INFORMATION GIVEN section start

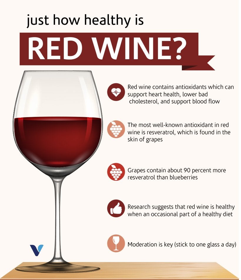 Moderation is key, as it is with the rest of your diet, says Hurt. And if you’re looking for heart-health benefits, the Mediterranean diet (yes, with vino) is your best bet at reducing your risk of heart attack and stroke risk, he says.
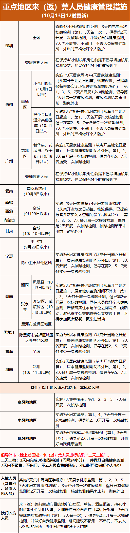 1. 全国重点地区来(返)莞人员健康管理措施
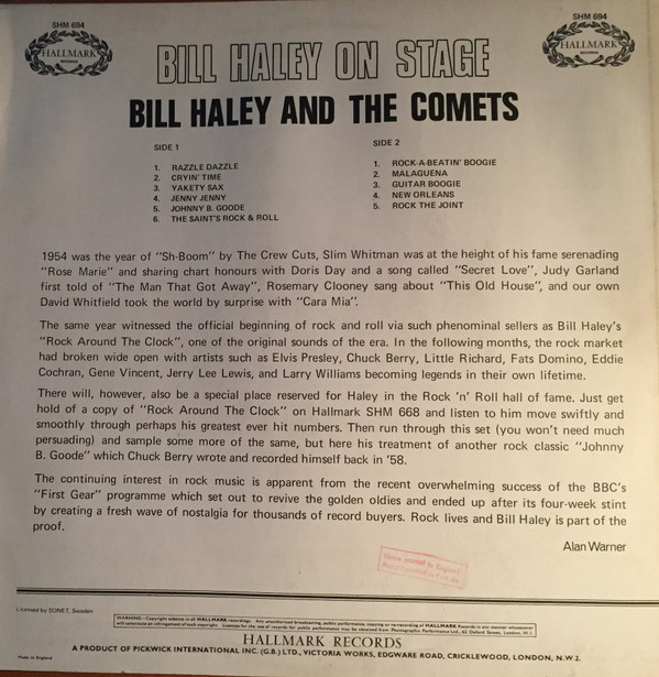 € 7.50 Media: Near Mint (NM or M-)Hoes: Very Good Plus (VG+)Bill Haley And The Comets* – Bill Haley On Stage (LP, Album, RE)
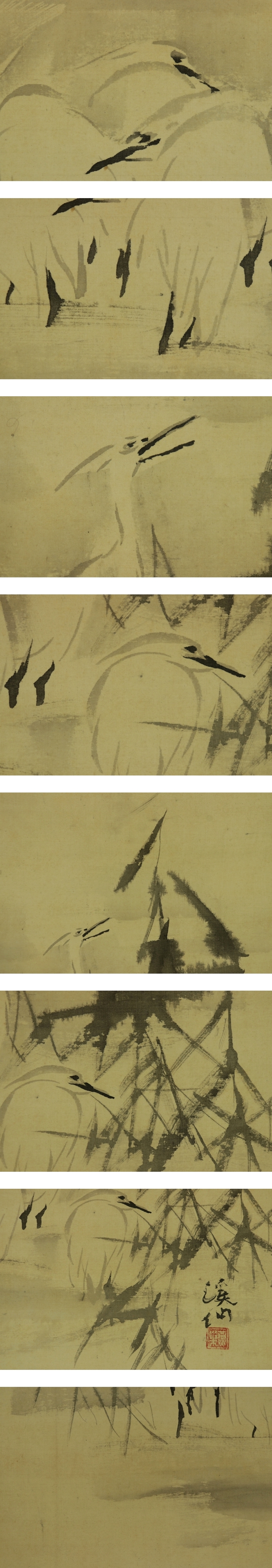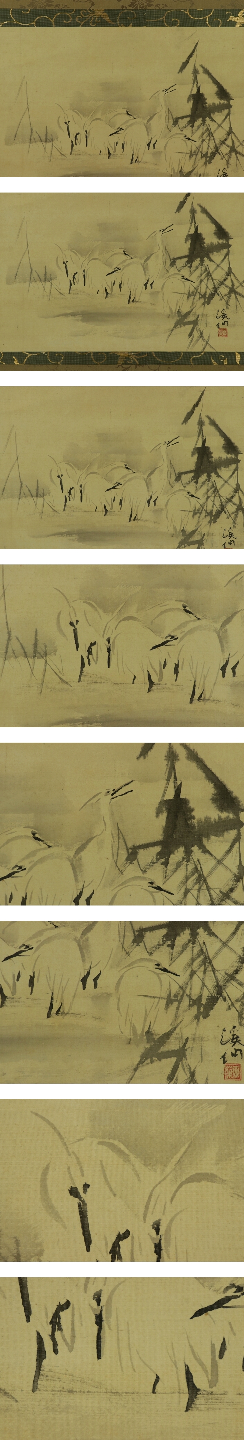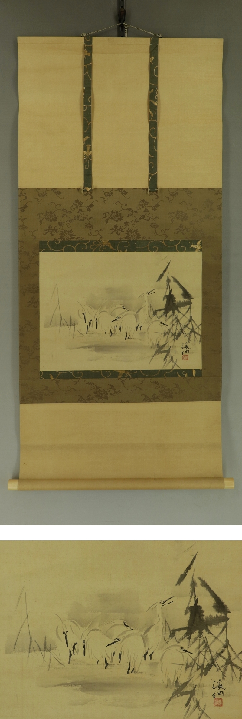 - 【模写】富田渓仙【白鷺図】◆絹本◆合箱◆掛軸 s06056
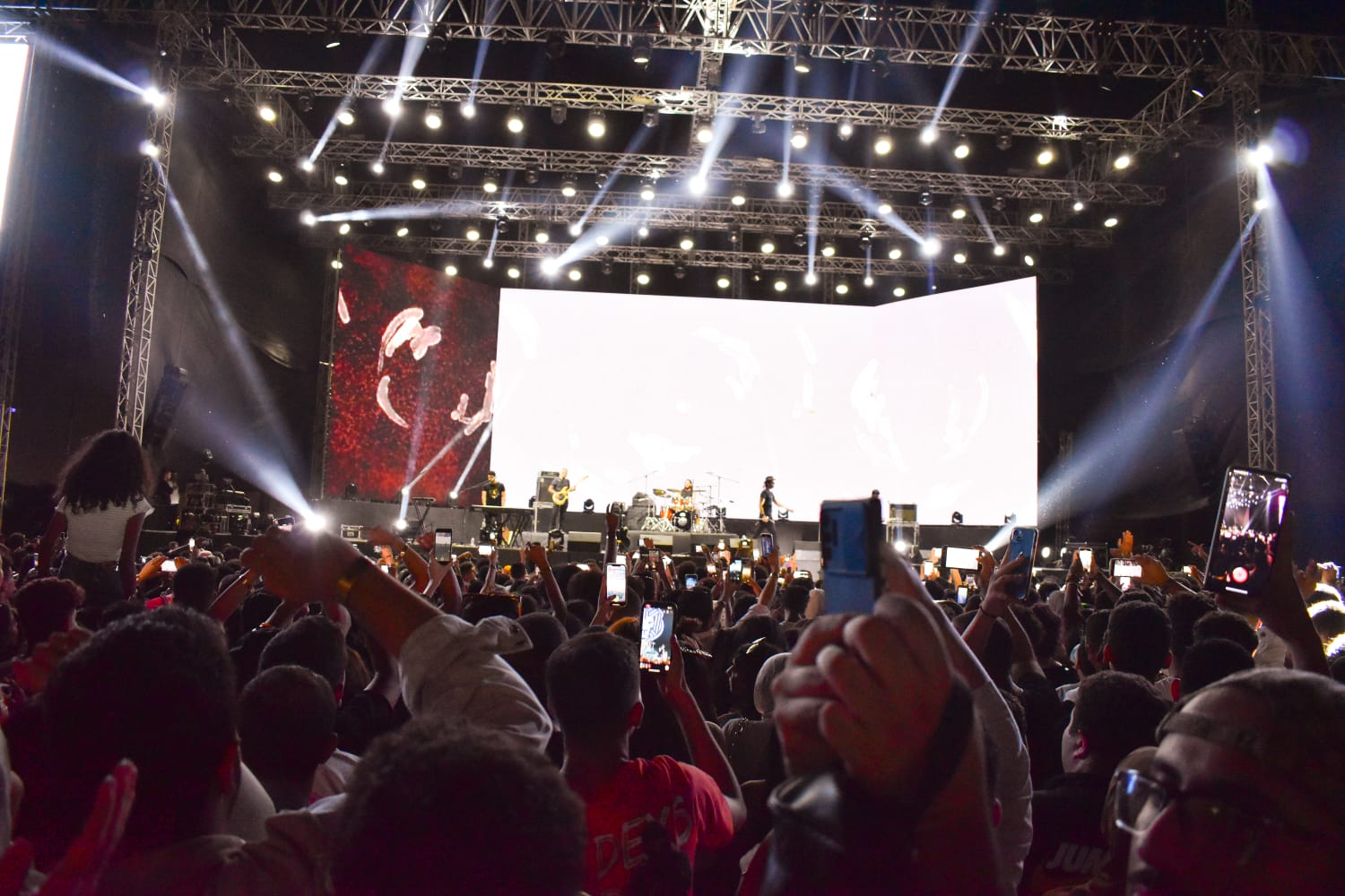 صعد الفريق علي خشبة المسرح مؤديًا أغنية: هاتلنا بالباقي لبنان، وسط تفاعل وهتافات الآلاف ممن انتظروهم لقرابة الـ6 ساعات، بعدها قام أمير عيد مطرب الفريق بتحية الجمهور، ثم واصلوا فقرتهم الغنائية بعدد كبير من أغانيهم المميزة، ومنها: السكة شمال، يا أبيض يا أسود، مهما طال طريقك، غمض عينيك، كان لك معايا، يلا نغني، ساموراي، أنا السجارة، غريب في بلاد غريبة، وغيرها من الأغاني التي قدمها تلبية لرغبات الجمهور.
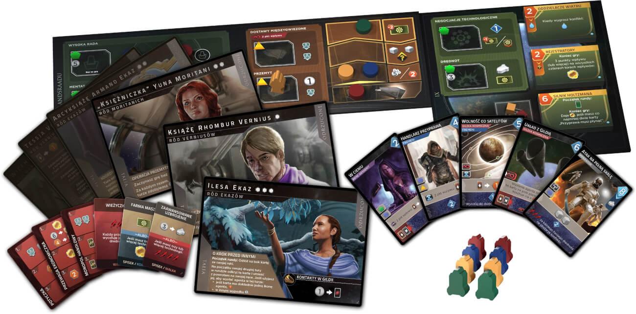 Każdy z graczy rozpoczyna grę z identyczną talią startową, oraz kartą Lidera, która daje unikalną umiejętność. W miarę zdobywania nowych kart i kształtowania talii wasze wybory określą wasze mocne i słabe strony. Karty pozwalają wysyłać agentów do różnych miejsc na planszy, więc na strategię wpływa ewolucja samej talii. Możesz zostać potęgą militarną, zdolną do rozmieszczenia większej liczby żołnierzy niż przeciwnicy, lub możesz zdobyć karty, które otwierają drzwi do czterech frakcji politycznych reprezentowanych w grze: Cesarza, Gildii Kosmicznej, Zakonu Bene Gesserit i oczywiście Fremenów.
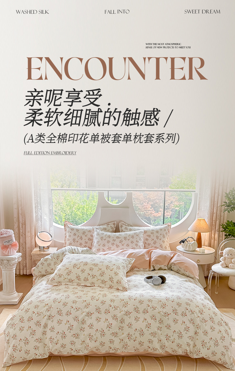 (总)芙绣家纺 2025新款A类全棉双层纱小清新印花单被套学生单被套单枕套,春风里,繁花似锦,花间絮语,假日甜心猫-粉色,假日甜心猫-米白,漫天心,蔷薇梦境,十里桃花,甜心格格,组合图仅供参考
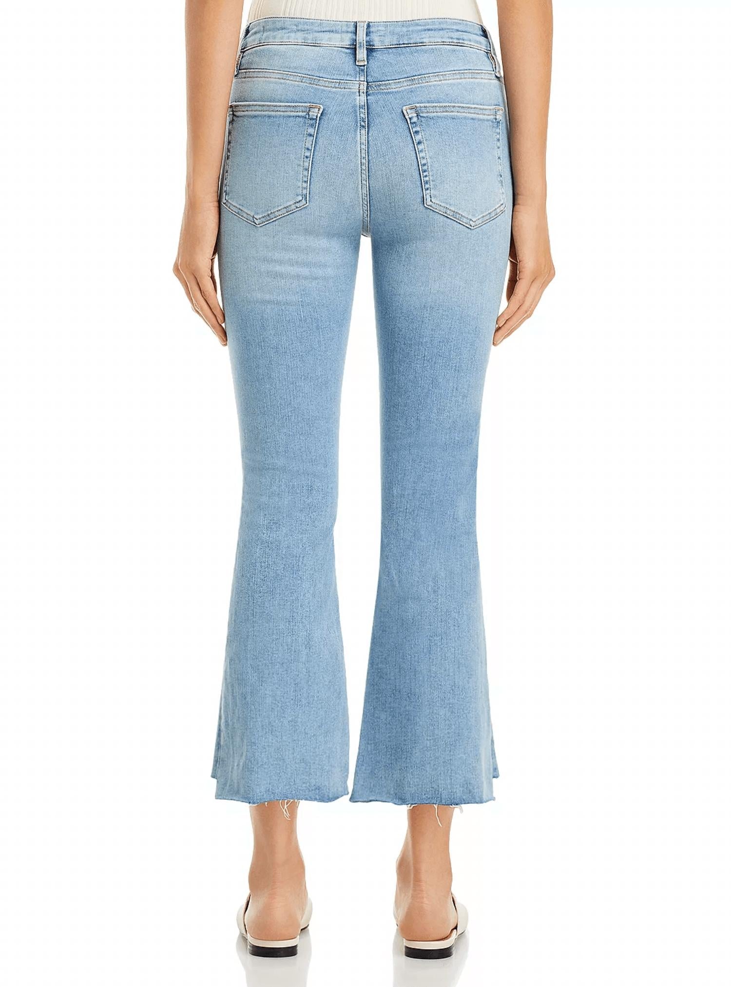 Meet the Le Crop Mini Boot Step Fray Jean by FRAME, a chic addition to your spring wardrobe designed for minimalists. These Colorado-colored, light wash denim jeans offer a mid-rise fit with a high-rise of 9.75 inches and a cropped inseam of 26.5 inches. Featuring a wide-leg style, the mini bootcut silhouette is enhanced by contrast stitching, copper-tone hardware, and a 5-pocket design. Closure comes with a zip and button, and for care, machine wash and tumble dry. Model is wearing size 27 with measurements: 5'10" height, 33.5" bust, 23.5" waist, 34.5" hips.
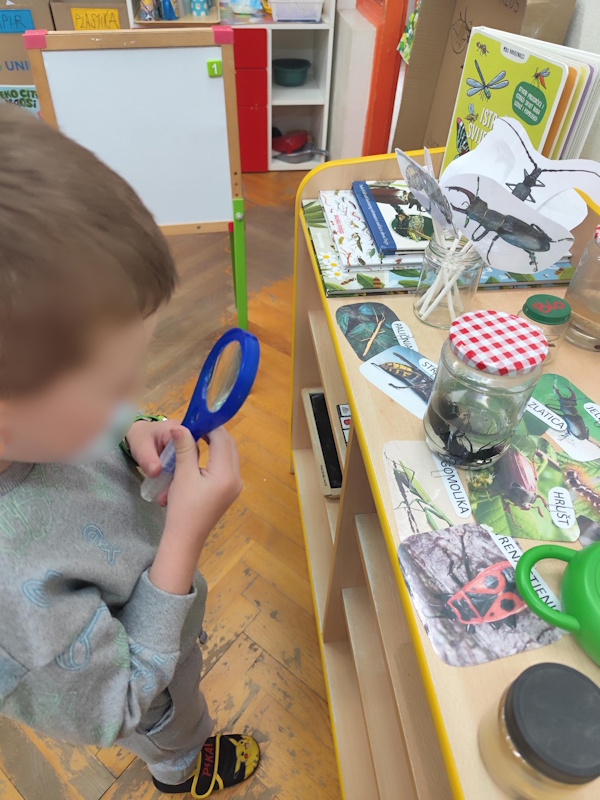 Djeca su s velikim zanimanjem promatrala kukce pomoću povećala i mikroskopa Easi-Scope. Ovakav način istraživanja omogućio im je da uoče detalje koje inače ne bi mogli vidjeti – sitne nožice, uzorke na krilima i razlike među vrstama. Promatranje je potaknulo znatiželju, postavljanje pitanja i razvoj istraživačkog duha.
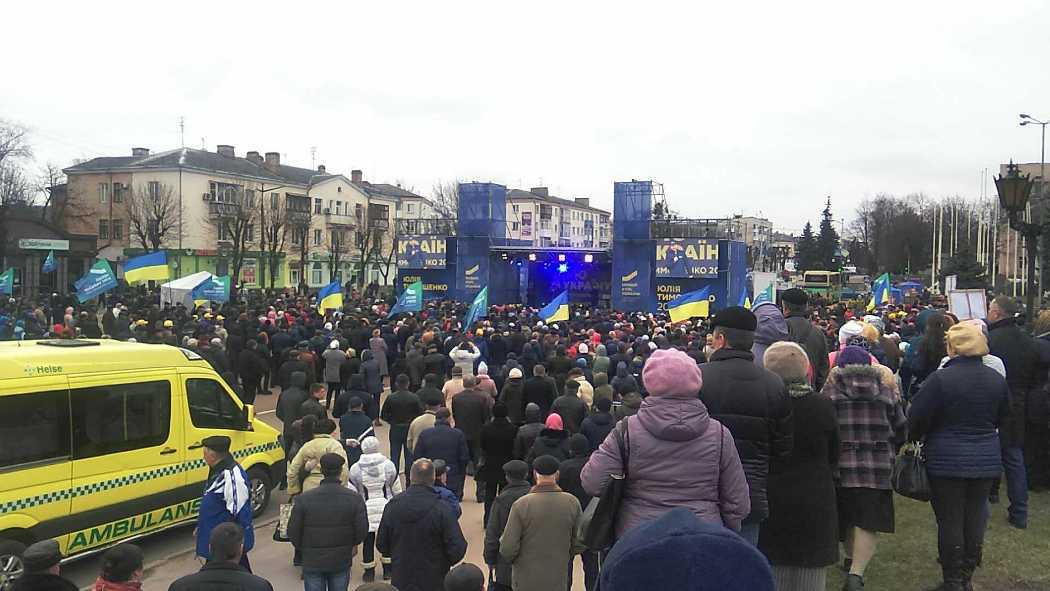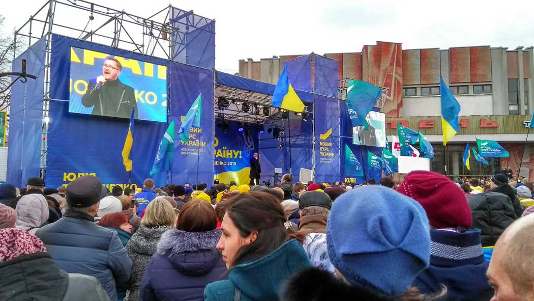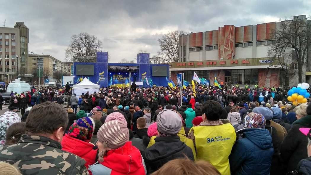 Заздалегідь анонсована зустріч Юлії Тимошенко проходила на майдані Корольова. Послухати кандидатку в Президенти зібралися кількасот людей. Поблизу майдану, біля обласної філармонії ім. Святослава Ріхтера представники ОПОРИ зафіксували кілька автобусів з табличками «Нерегулярні перевезення». Біля сцени – люди одягнуті в жилетки з написами «ЗА Юлія Тимошенко», дехто тримає в руках агітаційні прапори. На сцені спершу виступив український співак Олександр Пономарьов, потім – Юлія Тимошенко.
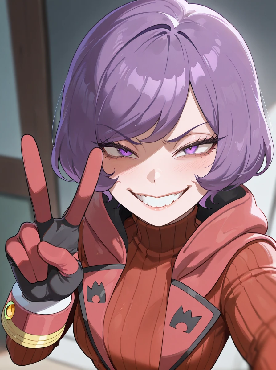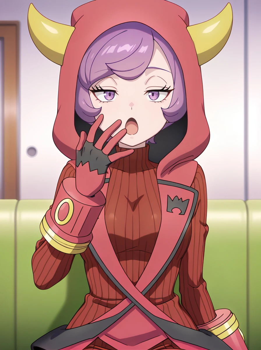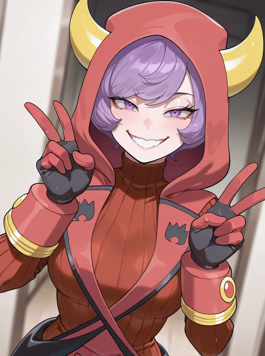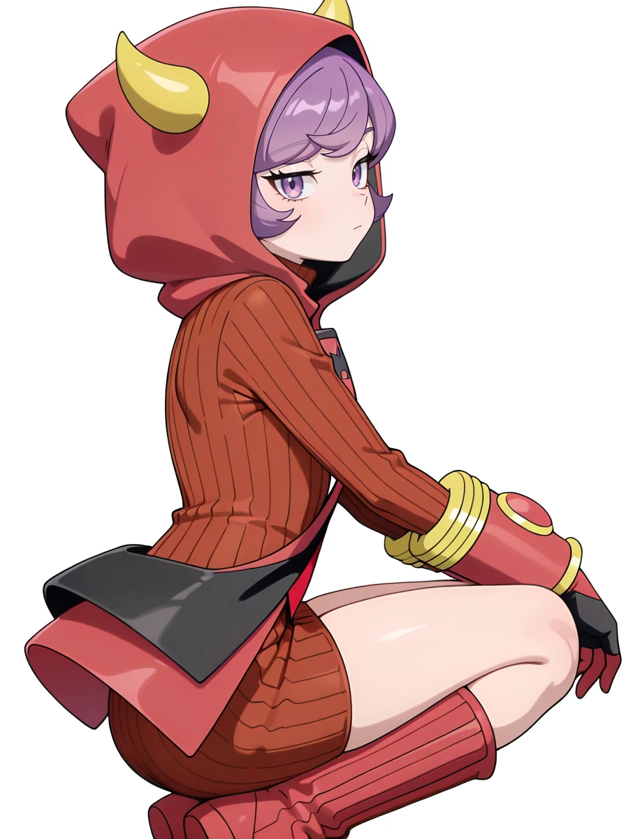 Prompts: horns, 1girl, purple hair, fake horns, hood, purple eyes, solo, short hair, gloves, sweater, ribbed sweater, boots, bangs, horned headwear, eyelashes
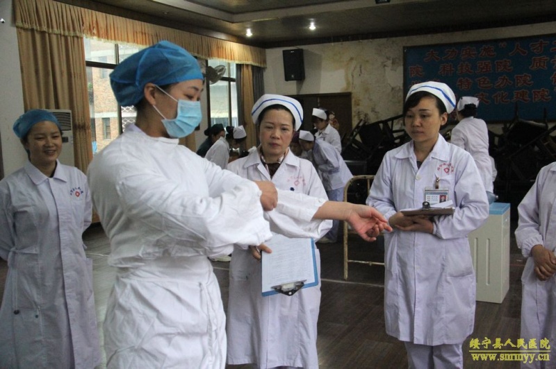 11月18日,我院开展护理技能考核,通过情景模拟,随机抽考了心肺复苏、肌肉注射、电动吸痰、穿脱隔离衣和手卫生、皮试、无菌技术等项目,该院100余名护士参加考试。

INFORMATION GIVEN section end

(EXERCISE): Exactly as written, return every line of the listing, but not the pictures.

(THE COMPLETED TASK):
 Moderation is key, as it is with the rest of your diet, says Hurt. And if you’re looking for heart-health benefits, the Mediterranean diet (yes, with vino) is your best bet at reducing your risk of heart attack and stroke risk, he says.
 1. 全国重点地区来(返)莞人员健康管理措施
 € 7.50 Media: Near Mint (NM or M-)Hoes: Very Good Plus (VG+)Bill Haley And The Comets* – Bill Haley On Stage (LP, Album, RE)
 - 【模写】富田渓仙【白鷺図】◆絹本◆合箱◆掛軸 s06056
 صعد الفريق علي خشبة المسرح مؤديًا أغنية: هاتلنا بالباقي لبنان، وسط تفاعل وهتافات الآلاف ممن انتظروهم لقرابة الـ6 ساعات، بعدها قام أمير عيد مطرب الفريق بتحية الجمهور، ثم واصلوا فقرتهم الغنائية بعدد كبير من أغانيهم المميزة، ومنها: السكة شمال، يا أبيض يا أسود، مهما طال طريقك، غمض عينيك، كان لك معايا، يلا نغني، ساموراي، أنا السجارة، غريب في بلاد غريبة، وغيرها من الأغاني التي قدمها تلبية لرغبات الجمهور.
 Każdy z graczy rozpoczyna grę z identyczną talią startową, oraz kartą Lidera, która daje unikalną umiejętność. W miarę zdobywania nowych kart i kształtowania talii wasze wybory określą wasze mocne i słabe strony. Karty pozwalają wysyłać agentów do różnych miejsc na planszy, więc na strategię wpływa ewolucja samej talii. Możesz zostać potęgą militarną, zdolną do rozmieszczenia większej liczby żołnierzy niż przeciwnicy, lub możesz zdobyć karty, które otwierają drzwi do czterech frakcji politycznych reprezentowanych w grze: Cesarza, Gildii Kosmicznej, Zakonu Bene Gesserit i oczywiście Fremenów.
 (总)芙绣家纺 2025新款A类全棉双层纱小清新印花单被套学生单被套单枕套,春风里,繁花似锦,花间絮语,假日甜心猫-粉色,假日甜心猫-米白,漫天心,蔷薇梦境,十里桃花,甜心格格,组合图仅供参考
 Meet the Le Crop Mini Boot Step Fray Jean by FRAME, a chic addition to your spring wardrobe designed for minimalists. These Colorado-colored, light wash denim jeans offer a mid-rise fit with a high-rise of 9.75 inches and a cropped inseam of 26.5 inches. Featuring a wide-leg style, the mini bootcut silhouette is enhanced by contrast stitching, copper-tone hardware, and a 5-pocket design. Closure comes with a zip and button, and for care, machine wash and tumble dry. Model is wearing size 27 with measurements: 5'10" height, 33.5" bust, 23.5" waist, 34.5" hips.
 Djeca su s velikim zanimanjem promatrala kukce pomoću povećala i mikroskopa Easi-Scope. Ovakav način istraživanja omogućio im je da uoče detalje koje inače ne bi mogli vidjeti – sitne nožice, uzorke na krilima i razlike među vrstama. Promatranje je potaknulo znatiželju, postavljanje pitanja i razvoj istraživačkog duha.
 Заздалегідь анонсована зустріч Юлії Тимошенко проходила на майдані Корольова. Послухати кандидатку в Президенти зібралися кількасот людей. Поблизу майдану, біля обласної філармонії ім. Святослава Ріхтера представники ОПОРИ зафіксували кілька автобусів з табличками «Нерегулярні перевезення». Біля сцени – люди одягнуті в жилетки з написами «ЗА Юлія Тимошенко», дехто тримає в руках агітаційні прапори. На сцені спершу виступив український співак Олександр Пономарьов, потім – Юлія Тимошенко.
 Prompts: horns, 1girl, purple hair, fake horns, hood, purple eyes, solo, short hair, gloves, sweater, ribbed sweater, boots, bangs, horned headwear, eyelashes
 11月18日,我院开展护理技能考核,通过情景模拟,随机抽考了心肺复苏、肌肉注射、电动吸痰、穿脱隔离衣和手卫生、皮试、无菌技术等项目,该院100余名护士参加考试。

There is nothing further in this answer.